Renamo reactivating political activity in Manica and Sofala

Maputo (AIM) – The Mozambican rebel movement Renamo has relaunched its political activity in the central provinces of Sofala and Manica, with formal visits by Renamo delegations, including Renamo parliamentarians, to the provincial governors, Helena Taipo and Alberto Mondlane.

Source: Renamo reactivating political activity in Manica and Sofala – The Zimbabwean 09.02.2017

Judging by the footage of these meetings shown on Tuesday by the independent television station, STV, they took place in a cordial atmosphere, with the provincial governments guaranteeing that Renamo can undertake peaceful political activity unhindered throughout the provinces.

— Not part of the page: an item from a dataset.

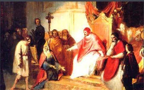 1056年6歲的法蘭克國王亨利四世繼位,1073年新教皇格列高七世宣佈教皇的權利高於一切。1075年,亨利四世新任命主教,與教皇起了衝突,被教皇開除教籍,剝奪皇帝資格,各國王迎風倒。1077年1月,亨利四世帶着妻兒來到卡諾莎城堡謝罪。在冰天雪地裏脱去衣帽,穿着謝罪專用麻衣,凍了三天三夜,各種認罪懺悔之後才被恢復教籍。1080年,教皇再次開除了他的教籍,不過羽翼漸豐的他宣佈廢黜教皇,並率兵圍攻羅馬,教皇倉皇南逃,不久病死。
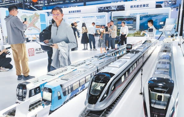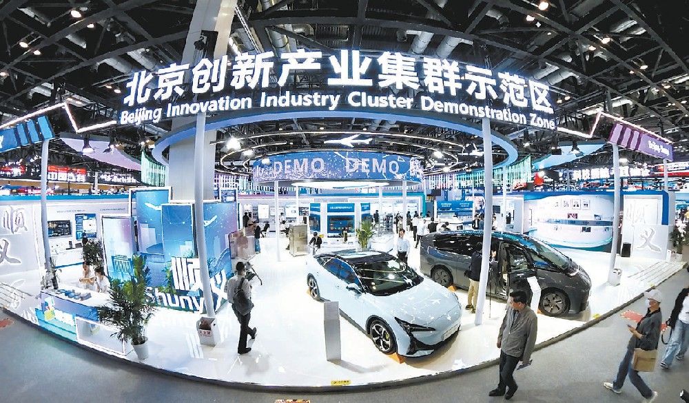 昨天,观众在北京创新产业集群示范区(顺义)展区参观。

These meetings are the latest fruits of the Renamo truce that took effect on 27 December. Since that date, there have been no further Renamo ambushes on the country’s roads, and no clashes between Renamo gunmen and members of the defence and security forces.

Renamo parliamentary deputy Manuel Pereira, who headed the delegation that met with Helena Taipo, told reporters that his party’s political activities in Sofala will resume this week. He said he had received security guarantees from the Sofala provincial government.

Thus local Renamo offices that had shut down during the peak of hostilities will reopen, and Renamo officials who had gone into hiding are being urged to resume their activities.

Pereira said his delegation will now relaunch Renamo political work in Dondo and Nhamatanda districts, following this up with a mass rally in the densely populated Beira neighbourhood of Munhava. At these activities, the Renamo Sofala provincial political delegate, Albano Bulaunde, will be presented to the public. Bulaunde has been out of circulation for months: he had gone into hiding for fear of what Renamo calls “death squads”.

Bulande had claimed his name was on a list of people to be eliminated by the “death squads”. So he locked up the Renamo provincial office in Beira, and all the smaller offices in Beira neighbourhoods, and made himself scarce. Pereira said that Bulaunde and the entire Renamo machinery in Sofala are now working again.

Taipo told reporters that, since the declaration of the truce, ten schools shut down last year because of Renamo military activities have now reopened, and roads that had been obstructed have been cleared.

Provincial government spokesperson Helcio Canda confirmed that the government has given the Renamo Sofala political delegation security guarantees, so that Renamo is free to work in any corner of the province.

The next step in this apparent normalization will be the reappearance in public of Renamo leader Afonso Dhlakama, who is still living in a military base in the Sofala district of Gorongosa. Wednesday’s issue of the independent newssheet “Mediafax” suggests that Renamo wants its leader to reappear as soon as possible, and certainly no later than April. He is regarded as Renamo’s trump card for the municipal elections scheduled for late 2018.

Outstanding problems are to be settled by two working groups appointed by President Filipe Nyusi and by Dhlakama on Monday. One group will deal with decentralization, and the other with military issues.

“Decentralisation” has become shorthand for Renamo’s demand that it be allowed to govern the six provinces where it claims, untruthfully, to have won the 2014 general elections. Currently, provincial governors are appointed by the President of the Republic. Changing this system, so that the governors are elected, either directly or by the provincial assemblies, would require a constitutional amendment.

The key military issue is to dismantle and disarm Renamo’s illicit militia. This will involve incorporating some of the Renamo gunmen into the armed forces (FADM) and the police.

Renamo wants constitutional amendments and changes to the legislation concerning provincial governments to be deposited in the country’s parliament, the Assembly of the Republic, in time for them to be debated early in the forthcoming parliamentary sitting, due to begin in late February.